School of forestry and environmental studies

School Notes: School of the Environment
July/August 2022

Ingrid C. “Indy” Burke | http://environment.yale.edu

Report highlights how cities can help curb climate change

The final part of the latest Intergovernmental Panel on Climate Change (IPCC) report released in April included a chapter on urban mitigation, of which Karen Seto, Frederick C. Hixon Professor of Geography and Urbanization Science at YSE, was one of two coordinating authors. The chapter outlines how cities have an opportunity to increase resource efficiency and significantly reduce GHG emissions through smarter design and greener infrastructure. The chapter states that the global share of emissions from urban areas increased between 5 and 10 percent between 2015 and 2020; and that concentration of people and activity presents an opportunity to enact innovative climate mitigation strategies within cities—which would result in beneficial cascading effects for smaller cities and towns and across numerous supply chains and sectors, particularly energy. “There are a number of strategies that could be deployed that change our demand for energy, but we need to have an enabling policy environment and to rethink how we design and build infrastructure,” Seto said.

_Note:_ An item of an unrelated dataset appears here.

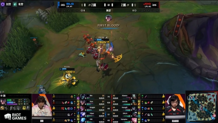 第一局:🎮轻松!Bin大哥开抽小徐 Xun梦魇带球过人 BLG气势如虹赢首局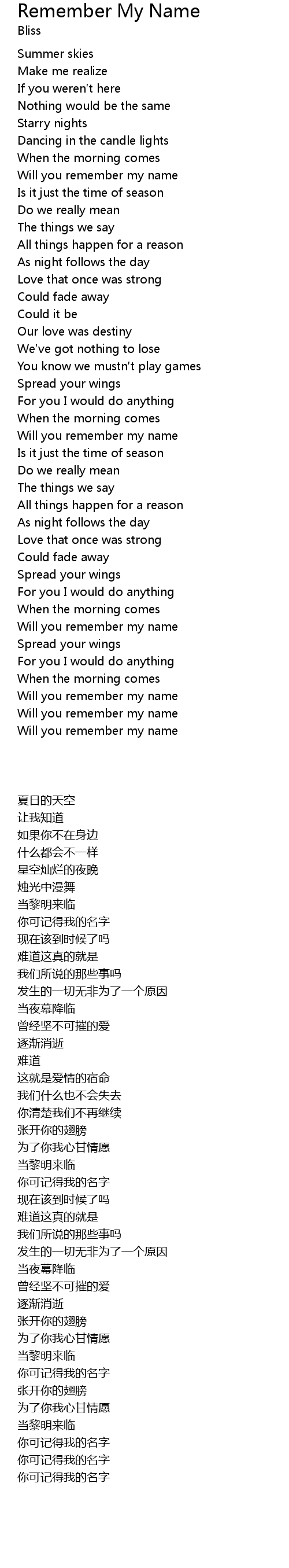 | [04:46.70] | Will you remember my name |

Analysis of wood frog evolution wins doctoral research prize

Andis Arietta ’22PhD was recognized with the 2022 Bormann Prize at YSE’s 38th annual Research Day, for his research into how human-induced landscape and climate changes influence rapid, fine-scale evolution. Reassessing a 2001 study by his advisor David Skelly, Frank R. Oastler Professor of Ecology at YSE, Arietta analyzed populations of wood frogs in Yale-Myers Forest, finding that the frogs have rapidly evolved in response to changes in climate in recent years, but that continued warming would likely outpace the species’ ability to adapt to extreme environmental change. Skelly called Arietta’s findings “perhaps the most important publication to come out of my lab group,” adding, “This result is one of the very few to demonstrate evolution by vertebrates to changing climate, and one of the only ones to provide a sense of the limits to such rapid evolution.”